Charlie Reed, president of Wyandanch’s school board, described Olive Middle School’s results as “good news.”

“We made a lot of progress, but we want to see more,” he said.

Reed reiterated the district’s position that it needs to find a way to expand classroom space to accommodate an influx of immigrant students and relieve overcrowding.

Tuesday’s report from Albany reflected a steady reduction in the number of schools both statewide and on the Island rated as “persistently struggling” or “struggling.”

Such rankings are the state’s lowest, and they indicate that schools are at risk of being placed under independent receivers. Such schools are run not by district superintendents but by outside managers appointed by district school boards.

When the state launched its receivership program in 2015, it listed 144 schools statewide, including five on the Island, as persistently struggling or struggling. The list has since been pared to 68 statewide and three in this region.

“I have visited many of these schools, and I am seeing schools tackle their issues in new and positive ways, which is encouraging,” Education Commissioner MaryEllen Elia said in a prepared statement.
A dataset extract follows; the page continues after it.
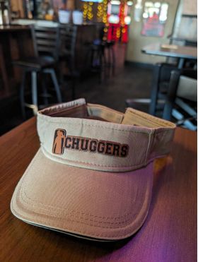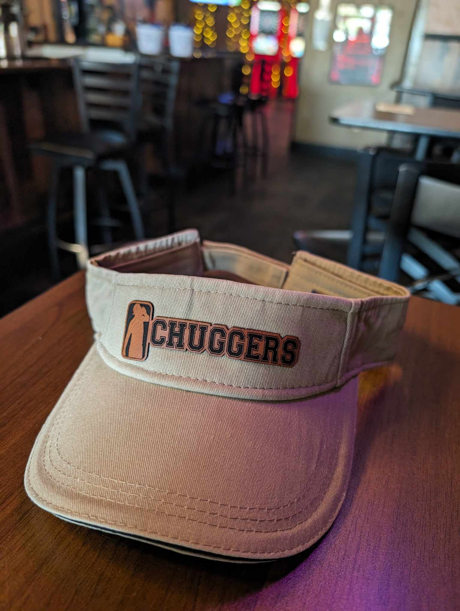 Heavy duty Khaki visor, velcro back with CHUGGERS patch

The Education Department is due to announce later this academic year which schools have improved enough to be removed from the receivership list. One requirement is that at least 95 percent of students in those schools participate in annual state testing.

In recent years, thousands of parents across Long Island have pulled their children out of state tests, making the requirement difficult to meet. Education Department officials said Tuesday that neither the Olive school nor the Schultz school met that criterion in 2016-17.